The sources Naqsh uses are in fact very diverse. One sees not only the impact of Mughal work, and of European masters, such as those I have just named, but also that of pre-Islamic Indian sculpture – in particular the erotic reliefs on the temples of Khajuraho,Puri and Bhuvaneshwar, which were created between 950 and 1150 c.e. Clearly what attracted him to these was their celebration of the female body. Naqsh’s paintings of female nudes have an extraordinary, quasi- sculptural plasticity, so much so that they almost seem to invite one to touch them.
One of the things that one learns from this series of nudes is that Naqsh’s attitude to his artistic sources is non- hierarchical. He sees the works of art that interest him as things-in-themselves, outside the framework of conventional art history. This makes him an important forerunner: he arrived at the philosophical and aesthetic position we now describe as ‘Post Modern’ long before most of his colleagues and rivals in the West.

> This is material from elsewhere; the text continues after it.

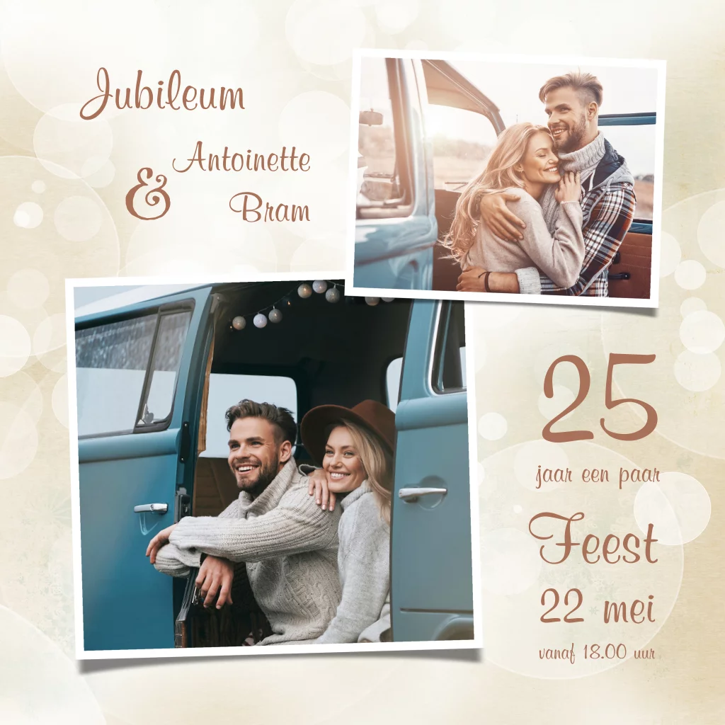 Uitnodiging fotocollage jubileum bubbels 25 jaar getrouwd
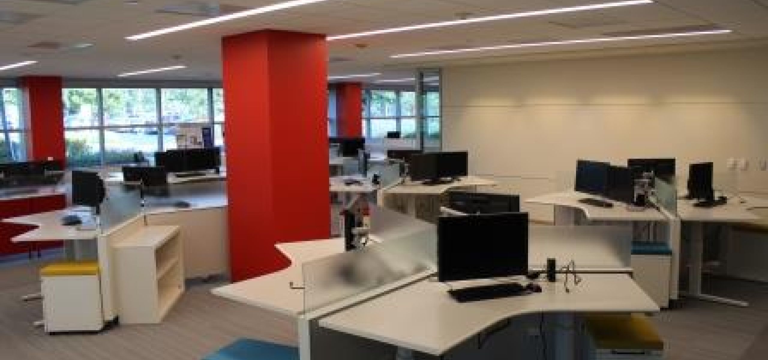 The work was phased over two separate phases to allow for a staged occupancy and to minimize the amount of temporary placement facilities for existing employees. The new floor plans were designed and constructed to achieve a more open and collaborative work environment with the installation of many teaming and huddle rooms, small conference rooms, and open area media centers. Finishes in general were extremely high end with new woven vinyl floor coverings, fabric panel wall systems, stone flooring, porcelain tile accent walls, and stone/granite mill work. In addition, a new multipurpose training center was also constructed for large conferencing capabilities. The existing MEP systems were reused to the greatest extent possible, with minor modification of branch duct work and redistribution of electrical and tele/data to new office/workstation locations.

As this exhibition demonstrates, Naqsh’s work has long tended to develop in series, though the themes on occasion overlap. In Pakistan he is probably most loved for his images of pigeons, or of women and pigeons combined. These birds have a deep personal meaning for him. As a child, he saw them flying in and out of the courtyard of the family house. In personal terms, they offer a nostalgic glance backwards – a glimpse of the familiar, the domestic, the soothing - of the pleasures of traditional family life, snatched away from him by the trauma of his mother’s early death, followed by the violence of Partition.
They also, however, refer to a deeply romantic element in the tradition of the art of the Indian subcontinent, specifically the art forms associated with the princely courts of the Mughal epoch, both Muslim and Hindu. This comment applies not only to art, but other, non-visual forms of artistic expression, such as poetry and music. The ghazal poetry of the great 19th century Urdu poet Mirza Ghalib, known to Urdu speakers throughout the world, has had a particular influence on Naqsh’s work. One striking feature of poems in ghazal form is that their over-riding subject is love. Each is the representation of a particular emotional moment. This is also true of those paintings by Naqsh where images of women and pigeons are combined. The pigeons are, in this case, the secret messengers of love.
This particular group of images may help to explain Naqsh’s decision to become a recluse, at a time when he might be enjoying his considerable celebrity, in Pakistan and elsewhere. It is not that he wholly rejects the world outside. He reads newspapers and books, he watches the news on television. He is interested in music, literature and philosophy. Yet he also feels a need to listen tranquilly to the inner voices that guide his work. What happens in his head eventually gives birth to the images he allows us to see.